1.  File is (was) saved.
2.  The added code is
 t(tradeStats("macross"))
with 2 )'s.

I'd appreciate if someone with QuantStrat installed, to try this
and see if they get a different result.  My R and RStudio and
QuantStrat libraries are all current.


I get the chart and this much output.

> source('~/CodingData/RCode/Quantstrat1/maCross.R')
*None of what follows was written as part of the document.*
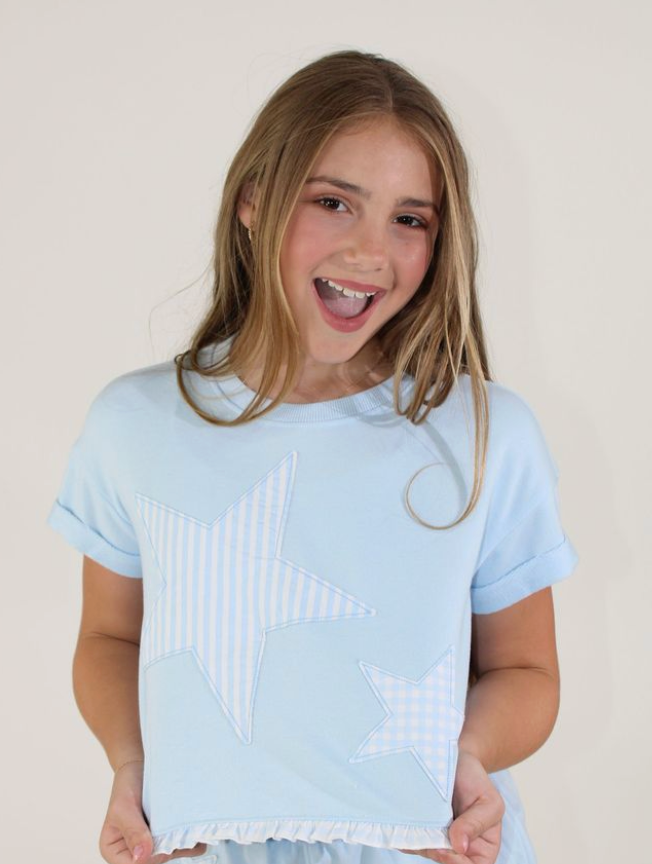 Star Applique with Ruffle Hem Top Brighten her wardrobe with this charming tee featuring a playful star applique on the front. The ruffled hem adds a fun, feminine touch that kids love. Made for everyday wear, it's perfect for school, playdates, or casual outings. Soft and comfortable, this top pairs easily with jeans, shorts, or leggings for effortless style.

[1] "2001-06-27 00:00:00 AAPL 100 @ 1.526312"
[1] "2001-09-07 00:00:00 AAPL -100 @ 1.13002"
[1] "2002-01-07 00:00:00 AAPL 100 @ 1.497538"
[1] "2002-07-10 00:00:00 AAPL -100 @ 1.132636"
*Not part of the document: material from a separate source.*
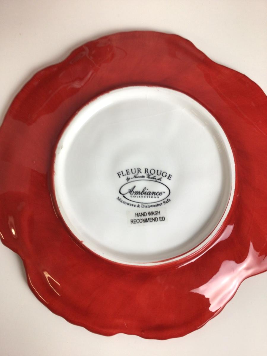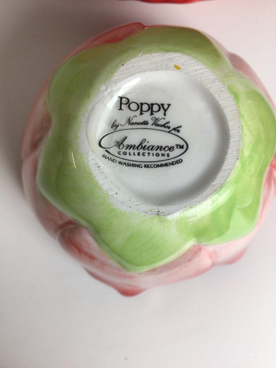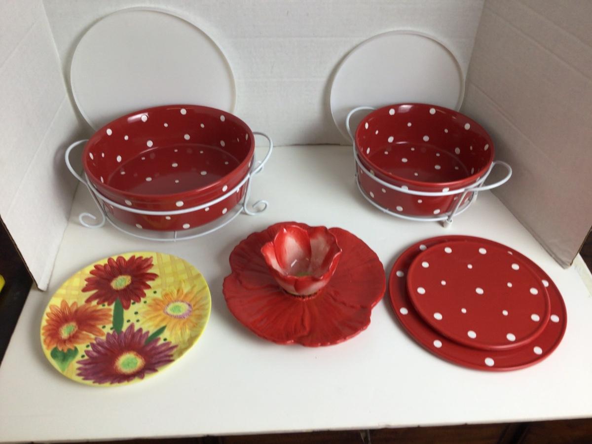Poppy flower with flower plates and red and white serving bowls with white metal stands with covers

[1] "2003-05-16 00:00:00 AAPL 100 @ 1.22942"
[1] "2006-06-22 00:00:00 AAPL -100 @ 7.792429"
[1] "2006-09-26 00:00:00 AAPL 100 @ 10.150561"
[1] "2008-03-07 00:00:00 AAPL -100 @ 15.988996"
[1] "2008-05-19 00:00:00 AAPL 100 @ 24.012922"
[1] "2008-09-24 00:00:00 AAPL -100 @ 16.833895"
[1] "2009-05-14 00:00:00 AAPL 100 @ 16.080549"
[1] "2012-12-11 00:00:00 AAPL -100 @ 71.436852"
[1] "2013-09-11 00:00:00 AAPL 100 @ 62.897826"
[1] "2015-08-31 00:00:00 AAPL -100 @ 110.399553"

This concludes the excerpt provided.